QA Specialist III

About CTMC

CTMC is a pioneering biotech joint venture, formed by National Resilience and MD Anderson Cancer Center, and located in the renowned Texas Medical Center. Our mission is to accelerate cell therapies from bench to bedside. We offer a wide range of cell therapy modalities, including CAR-T, TIL, ETC, and TCR-T. Our expert team collaborates closely with MD Anderson’s research and clinical faculty, bringing impactful cell therapies to cancer patients.

In our first year alone, we have filed four INDs, each ahead of schedule, demonstrating our commitment to delivering innovative treatments to patients with speed and precision. Our alliance with National Resilience, an ambitious biomanufacturing organization that has raised $2 billion in two years, enables us to remain at the forefront of biomanufacturing practices, leveraging advanced technology and processes to deliver exceptional results.

Our state-of-the-art, 60,000 sq. ft. facility in the Texas Medical Center is staffed by an integrated team of 94+ industry veterans and scientists who are passionate about bringing life-saving cures to patients. Our unique joint venture structure, with two highly established partners, provides us with the financial stability and long-term horizon to achieve our mission.

At CTMC, we value our employees and offer a variety of development opportunities within our novel corporate structure. We foster a team-first culture and a balanced work-life environment to ensure our staff is energized and engaged in our mission. If you share our passion for advancing the frontiers of medical science with innovative therapeutics and want to join a highly dedicated team committed to delivering novel cures to patients, we invite you to submit your application. We look forward to hearing from you and exploring how your skills and expertise can help us achieve our mission.
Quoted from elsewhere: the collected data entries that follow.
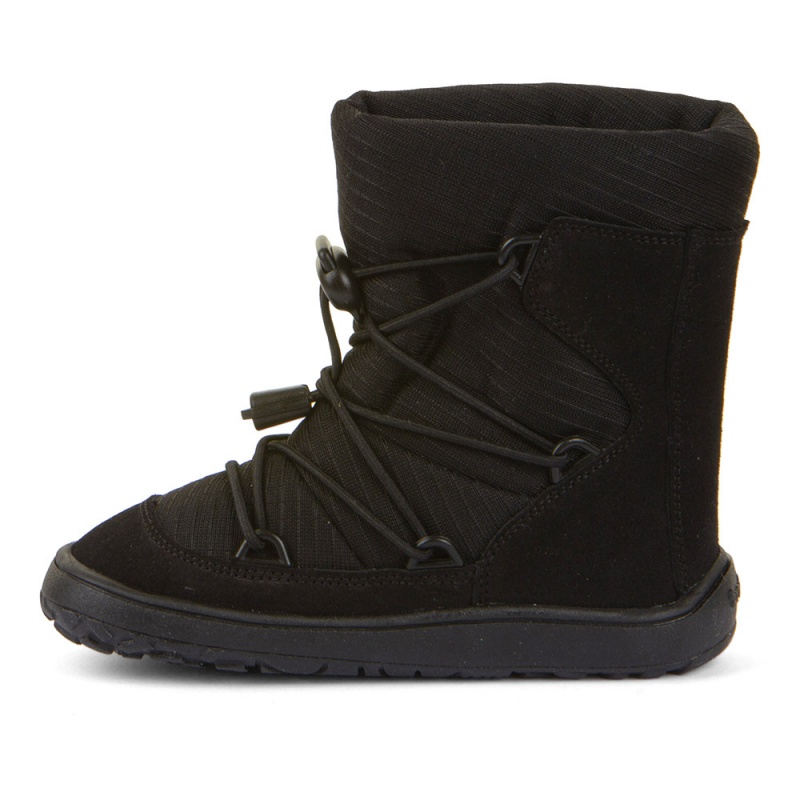 Froddo Barefoot Tex Track Wool Black s podlogo iz ovčje volne, topli in nepremočljivi zimski škornji. Zimski škornji Froddo Barefoot Tex Track Wool so izdelani iz okolju prijaznih visokokakovostnih materialov. Škornji imajo toplo podlogo iz ovčje volne in nepremočljivo membrano ter termo vložek, prekrit z ovčjo volno. Zimski škornji imajo Extra Grip podplat z globljim vzorcem, ki je zelo primeren za snežne razmere. Z elastikami lahko škornje zategnete po želji čez gležnje, zaradi česar so primerni za različne tipe stopal.
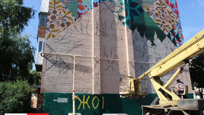 «Я думаю, это какой-то местный художник, который имеет свой взгляд на искусство. Это нормально», — говорит представитель творческой группы KAILAS-V Сергей, который расписывает стену.
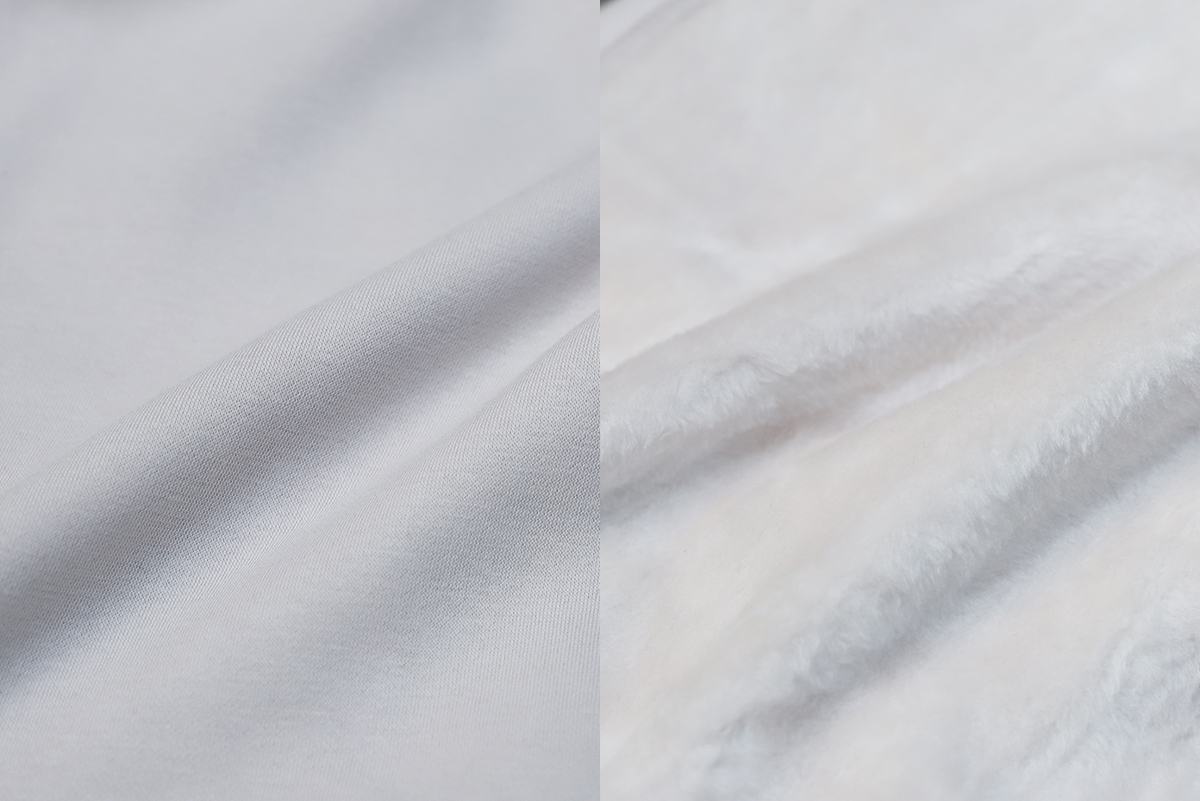 - フワフワのシャギーフリースを肌に触れる裏面・全面に敷き詰めた着心地は、もはや優しさの塊。 「柔らかく、心地良く。暖かく。」の3拍子揃った素材です。画像だと”いつもの”素材に見えますが、実は今回より、表面に使われている素材を綿から超長綿に変更いました。これによってより上質で滑らかな表情になりました。

Responsibilities (The responsibilities listed are specified as but not limited to):

• Perform line-clearance/ change-over activities.
• Disposition/ Hold/ Rejection of raw materials, starting material and in-house prepared materials.
• Generate and reconcile in-process and Drug Product labels.
• Review and approve executed documents related to manufacturing operations, QC and other departments.
• Initiate deviations, CAPAs and Change Controls associated with Quality Operations practices.
• Create procedures and practices within Quality Operations to implement quality standards.
• Partner with other departments to implement and optimize batch records and procedures.
• Other duties as required.

Qualifications/Skills

• Bachelor’s degree in a scientific field.
• 3+ yrs experience in a related field, preferably QA or equivalent combination of education and experience.
• Understanding of Cell and Gene Therapies.
• Understanding of cGMPs, GLPs and GXPs.
• Knowledge of local and global regulations.
• Verbal and written communication skills.
• Interpersonal and customer service skills.
• Organizational skills and attention to detail.
• Time management skills with a proven ability to meet deadlines.
• Analytical and problem-solving skills.
• Proficient with Microsoft Office Suite or related software.

Working Conditions, Equipment, Physical Demands

The incumbent in this position works in an office environment. The incumbent in this position will use the following equipment and shall have the following physical demands:

Equipment- Computer, printer, fax, and telephone.

Physical Demands- Prolonged periods of sitting at a desk and working on a computer and must be able to lift up to 15 pounds at times. In addition, ability to sterile-gown and perform activities in the manufacturing suite as well as raw material area when applicable.

The physical demands and work environment that have been described are representative of those an employee encounters while performing the essential functions of this position. Reasonable accommodations may be made to enable individuals with disabilities to perform the essential functions in accordance with the Americans with Disabilities Act.

The above job description is an overview of the functions and requirements for this position. This document is not intended to be an exhaustive list encompassing every duty and requirement of this position; your supervisor may assign other duties as considered necessary.